I facilitate creative thinking sessions for major corporate customers and it is sometimes a challenge to displace the delegates out of their conventional ways of thinking. If I want to generate really creative and unorthodox ideas then I often introduce a random stimulus. The easiest one to start with is the random word.
Just pick up a dictionary and choose a noun at random. Write the word on the top of the flipchart paper and then underneath list 5 or 6 attributes of that word. Then force connections between the word or its attributes and the problem to be solved. You will find that all sorts of new associations spring to mind.
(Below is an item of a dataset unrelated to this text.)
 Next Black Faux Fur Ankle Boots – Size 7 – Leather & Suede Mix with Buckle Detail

Say the problem is how to attract the best applicants to join your company. The random word from the dictionary is – eucalyptus. You write eucalyptus on the sheet and then list some attributes or associations – say Australia, gum, Koala bear, branches, medecine. Some of the ideas that might be triggered are:
– Recruit Australians and New Zealanders
– Offer the opportunity to take time off and travel the world
– Offer free packs of dental gum to anyone who applies
– Stick notices about your job opportunities on boards at gyms and clubs
– Run a recruitment seminar at a Zoo
– Give applicants a branded teddy bear to show what a caring company you are
– Offer medical insurance and health checks
– Run a publicity event that helps a local hospital
– Show people how their career can branch out if they join your company
Keep adding suggestions until you run out or ideas and then turn over the flip chart and pick a new random noun from the dictionary. Some words work much better than others though you never know which until you try them. I generally find that simple concrete nouns like fish, corner, stick or house work better than abstract nouns like faith or sorrow. But you have to try with whatever you get. When you have a long list of ideas from several random words then you evaluate them using some agreed criteria to select and refine the best ones.
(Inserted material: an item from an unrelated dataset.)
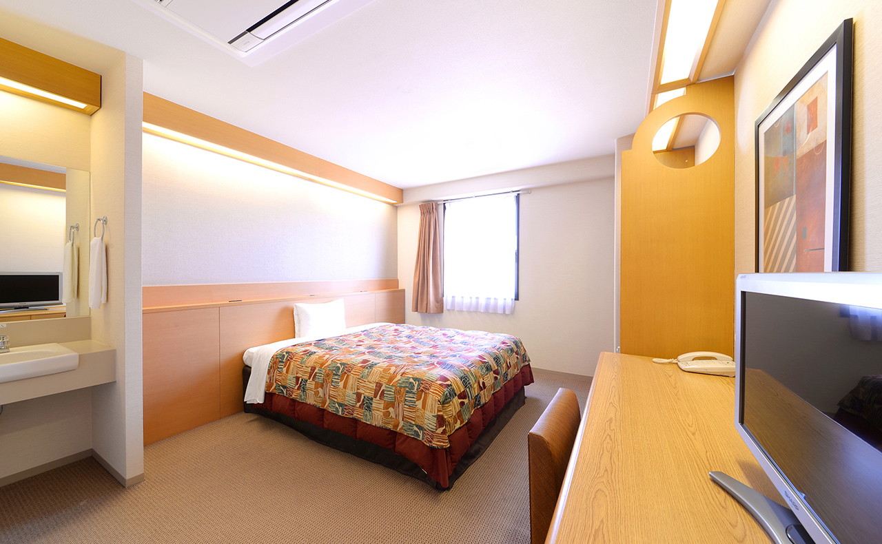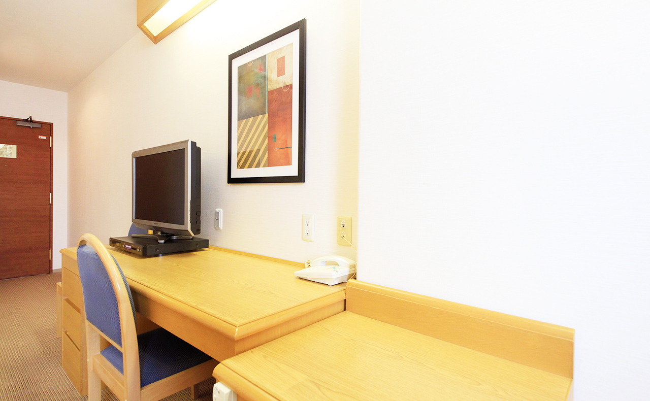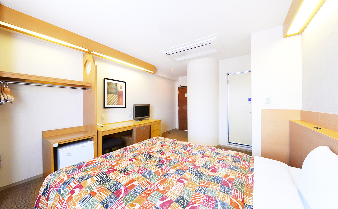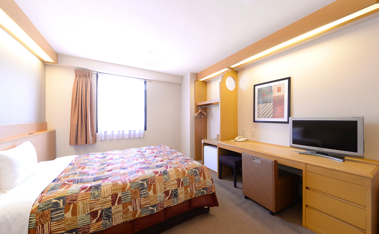 全室ベッド幅150cmのゆとりサイズを完備。客室はビジネスでもご家族でも満足の広さ。お部屋では靴を脱いで素足でくつろげます。

Why does a stimulus like the random word work? It forces the brain to start from a new departure point, to come at the problem from a new direction. The brain is a lazy organ; it will automatically lapse into familiar patterns and solve problems the way it has always done unless you give it a jog and start it from a new point. However, the brain is clever at forcing connections between disparate things so when you prompt your mind with a strange stimulus it responds by finding creative connections.
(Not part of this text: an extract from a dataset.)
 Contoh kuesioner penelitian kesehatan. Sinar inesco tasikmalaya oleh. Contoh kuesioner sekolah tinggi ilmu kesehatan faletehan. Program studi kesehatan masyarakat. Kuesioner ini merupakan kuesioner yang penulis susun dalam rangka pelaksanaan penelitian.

You can also use random pictures, objects, songs or a walk to introduce brainstorm stimuli. You can bring along a selection of photos of random objects or ask people to bring an object that they think will be unusual (without telling them why). You can also ask people to go for a walk in a city centre or around an art gallery or museum and then tell you about something they saw. That then becomes the starting point for the brainstorm.